In the records below, find the line containing "Public records now" and return it together with every later line, exactly as written; pictures are to be omitted.

[Extracted data entries]
★ ★ ★ ★ ★ ★ ★

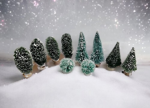 UP FOR SALE: 10 Vintage Bottle Brush Flocked Christmas Village Trees Frosted Snow Mixed Lot
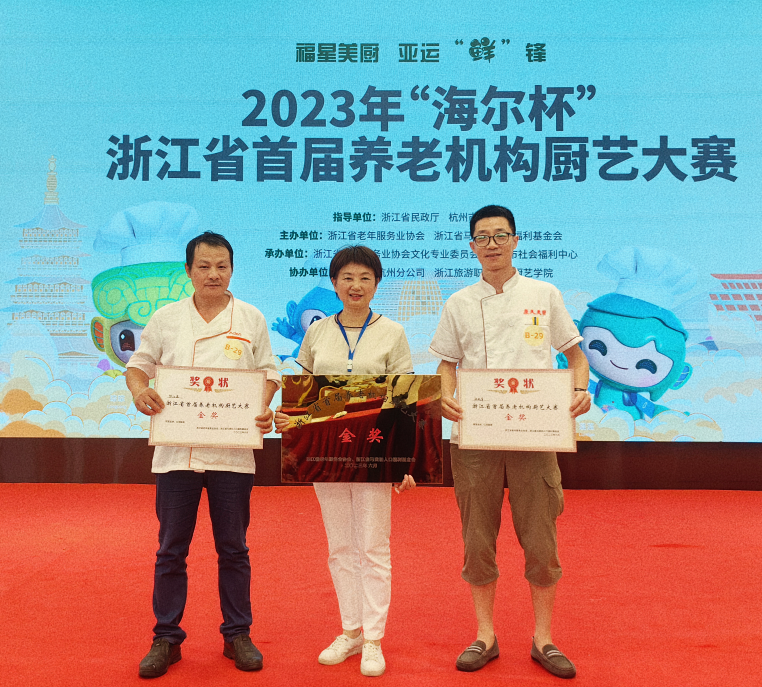 6月30日,2023年“海爾杯”浙江省首屆養(yǎng)老機構(gòu)廚藝大賽在浙江旅游職業(yè)學(xué)院南校區(qū)火熱開賽,大賽以“福星美廚 亞運‘鮮’鋒”為主題,來自浙江省各地的50家養(yǎng)老機構(gòu)、上百位選手齊聚杭州、同臺競技,開展了一場別開生面的“廚王爭霸賽”。大賽共產(chǎn)生團體金獎8名、銀獎12名、銅獎18名、優(yōu)勝獎若干名,參加特色菜制作表演賽環(huán)節(jié)的10家養(yǎng)老機構(gòu)還分獲最具特色獎、最佳創(chuàng)意獎和最具人氣獎??稻眉瘓F旗下杭州康久天頤養(yǎng)老院以優(yōu)異的表現(xiàn)榮獲浙江省首屆養(yǎng)老機構(gòu)廚藝大賽團體金獎。
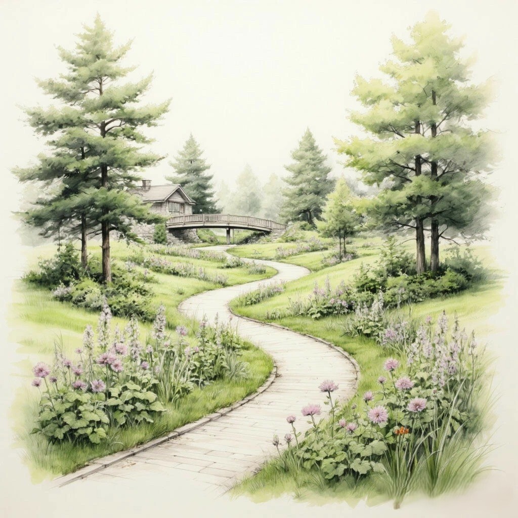 Не бойся смелых решений! Пусть тропа петляет, делает неожиданные повороты, ведёт к «секретным» местам. Представь, что это не просто дорожка, а сюжет сказки, где каждый поворот — новая глава.
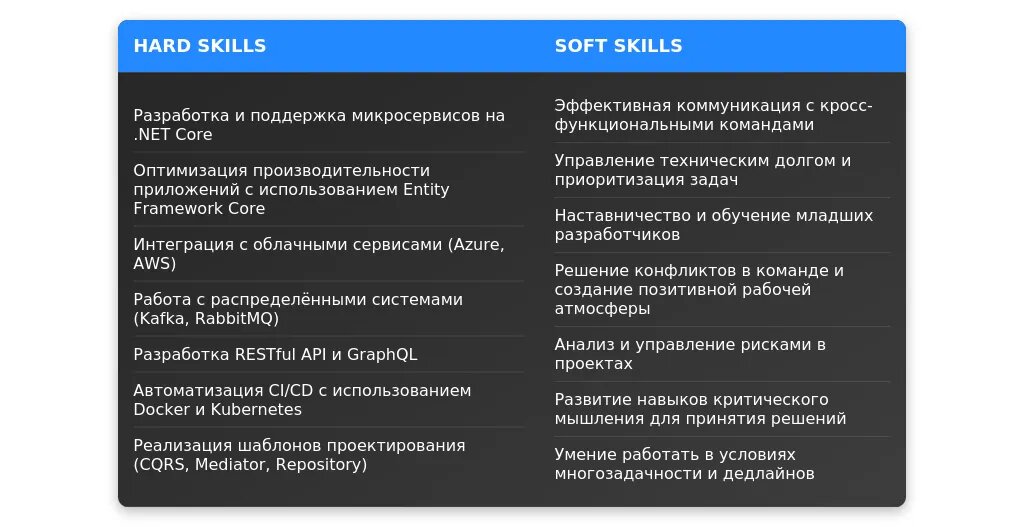 Пример 1: Вакансия требует опыт работы с .NET Core и микросервисами. Обратите внимание на фразу "опыт работы в Agile-командах" — это скрытое требование к навыкам командной работы.
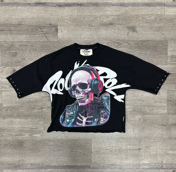 • Graphic: Skeleton DJ with headphones + “ROCK & ROLL” graffiti lettering
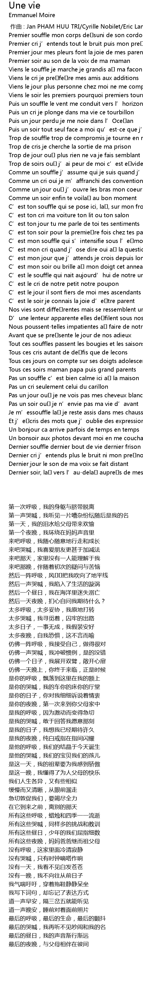 | [00:13.007] | Premier souffle mon corps de suni de son cordon |
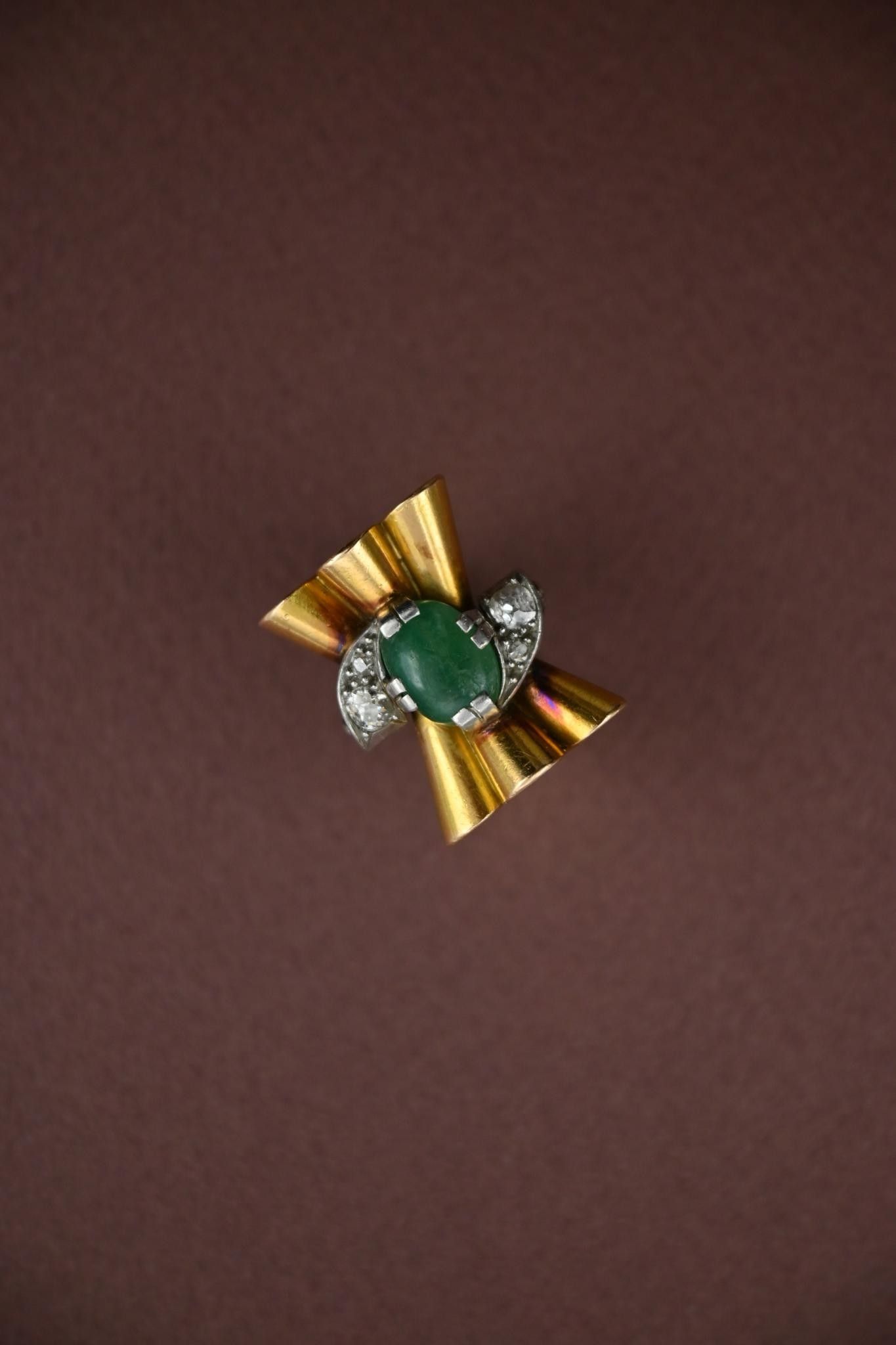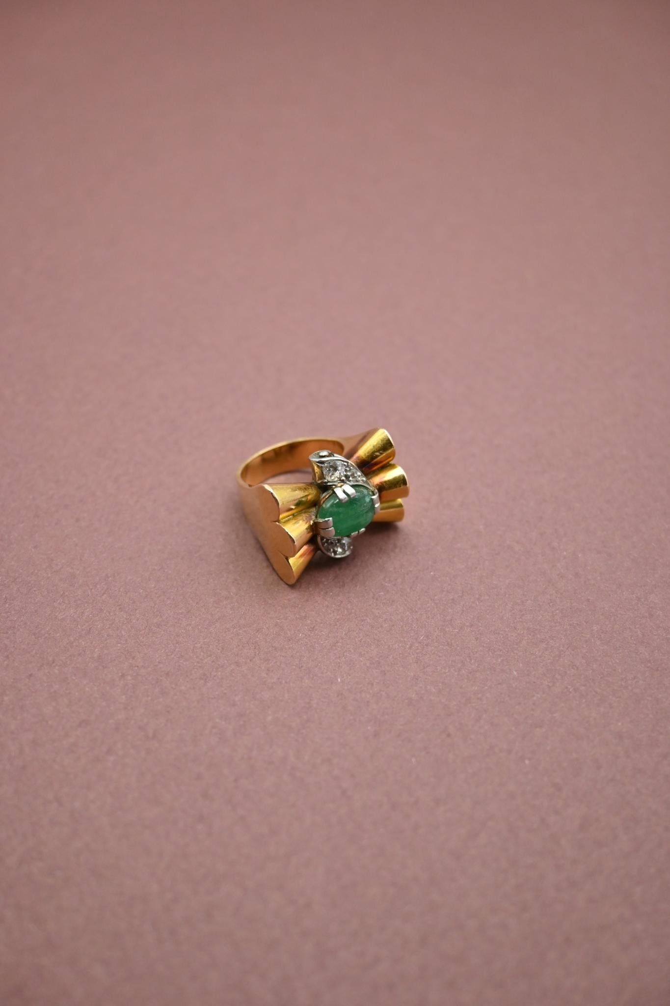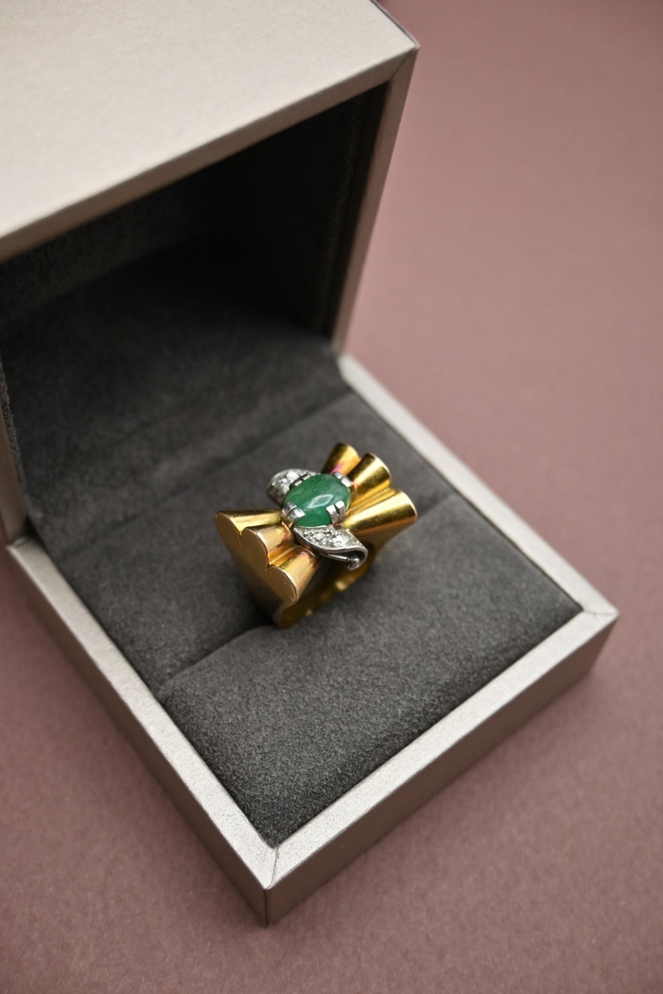 Tank ring in 18K 750k gold featuring a knot centred on an emerald cabochon set with old-cut diamonds (set in platinum). Finger size: 51 Gross weight: 16.4 g (slight crazing to the stone)
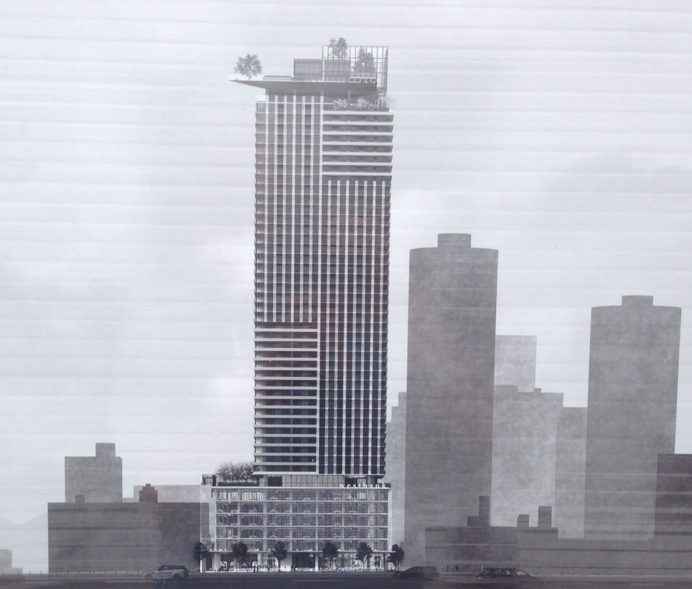 Public records now say the plan is for 459 condominiums in a 48-story tower with offices and retail in the podium. Westbank didn't confirm or deny those construction permit filings. It says it hopes to break ground in mid-2019 and finish in early 2022.
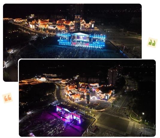 夜幕徐徐降臨,500架無人機同時升空,一場主題慶祝新中國成立75周年的無人機燈光秀正式開演。借用科技編程語言,敘述著鹽城從過去到未來的輝煌巨變,時而變化成濕地精靈,時而演變成現(xiàn)代大港,時而匯聚成鮮艷的五星紅旗,這不僅是一場視覺的盛宴,更是對新中國成立75周年的深情祝福。精彩的表演引得來自周邊的游客情不自禁地拿起相機,定格眼前的美好。
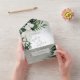 VERFÜGBAR MIT ODER OHNE ABENDESOPTIONEN ANSTELLE EINES QR CODES. Dieses Design besticht durch eine wunderschöne tropische Vegetation und weiße Blumen auf einem sanften grünen Aquarell. Ideal für die Ziel- oder Strandhochzeit. Erstellt von der einfachen Farmhouse Press.

★ ★ ★ ★ ★ ★ ★

* _Answer section_:
 Public records now say the plan is for 459 condominiums in a 48-story tower with offices and retail in the podium. Westbank didn't confirm or deny those construction permit filings. It says it hopes to break ground in mid-2019 and finish in early 2022.
 夜幕徐徐降臨,500架無人機同時升空,一場主題慶祝新中國成立75周年的無人機燈光秀正式開演。借用科技編程語言,敘述著鹽城從過去到未來的輝煌巨變,時而變化成濕地精靈,時而演變成現(xiàn)代大港,時而匯聚成鮮艷的五星紅旗,這不僅是一場視覺的盛宴,更是對新中國成立75周年的深情祝福。精彩的表演引得來自周邊的游客情不自禁地拿起相機,定格眼前的美好。
 VERFÜGBAR MIT ODER OHNE ABENDESOPTIONEN ANSTELLE EINES QR CODES. Dieses Design besticht durch eine wunderschöne tropische Vegetation und weiße Blumen auf einem sanften grünen Aquarell. Ideal für die Ziel- oder Strandhochzeit. Erstellt von der einfachen Farmhouse Press.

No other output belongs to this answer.